I have an application that generates reports by building views as DXL and importing them. The views are not complex: a few columns and one line selection formula.
After a few days of usage, the import always starts to fail. The LotusScript error is this:
If my wife needs to park at a meter and there’s not enough quarters in the glove box, that doesn’t prove that she used them up and failed to replenish them. Maybe it was I who failed to add quarters to the pool, but my wife is the one who experiences the “Insufficient quarters” condition.
In the same way, the fact that the DXL importer is reporting the error, doesn’t show that the DXL importer caused the error, because it is not the only one driving that car. It may simply be the biggest requester of memory, so it notices the shortage first (or maybe other processes are also having memory errors and aborting, but their error reporting is not as good so you don’t know it).
To narrow down the problem, maybe you could write one agent that only repeatedly imports the same DXL, and run it locally. See if that runs out of memory.

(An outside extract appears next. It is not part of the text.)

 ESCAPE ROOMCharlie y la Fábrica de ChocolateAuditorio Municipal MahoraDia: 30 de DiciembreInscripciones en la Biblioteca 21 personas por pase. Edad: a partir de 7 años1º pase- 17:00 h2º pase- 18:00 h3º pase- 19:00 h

Incidentally, there are other ways of generating reports besides creating views. Tables in a rich text field are easy enough to create (ReportGenerator class on openntf.org) and don’t slow up your whole application the way a lot of views will.

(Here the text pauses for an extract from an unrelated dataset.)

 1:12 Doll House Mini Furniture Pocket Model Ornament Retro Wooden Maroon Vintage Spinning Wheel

Yes, I know but this one looks very much it is the DXL import which is causing the problem. When investigating this, I noticed I had given wrong info: in one report case the selection formula is very large and I believe that is causing the problem. I’ll post here when I have more info.
Thanks for the tip. I’ll have to take a look at the ReportGenerator at some point. These reports are directed to Excel and the view is deleted after use.
So you’re using a view solely as a searching and sorting mechanism for data that you write to a spreadsheet. I would say eliminate the middleman; search for the documents and sort the data yourself, and write it directly to the spreadsheet. Creating the view is unnecessary.
It’s not a middleman, it’s the report itself which opens in Excel (the content type of $$ViewTemplate is set to application/vnd.ms-excel). This should be the most efficient way of reporting data without using FT-index (unless of course IBM coding of view indexing is very bad :).
And then there is also one big thing: categorizing. I hate to code (sometimes multi-level) categorizing with LotusScript. The view does it for me easily. Maybe the Report class you suggested will do it also. I’ll take a look at it when I next time need to code reporting.
But back to the problem itself: I haven’t been able to reproduce the error in dev environment (at least yet). So you might be right, maybe it’s something else that eats up the memory. But everything else work when I start getting this error so it seems the DXL importer uses a lot of memory. If it’s something else, it will be very difficult to find…
Sometimes we get the error with lower values (all the LSI memory values are lower than when reporting works).
Also, sometimes these values go up and sometimes they go down, even when the reporting is used intensively. So it looks like these values are not very useful.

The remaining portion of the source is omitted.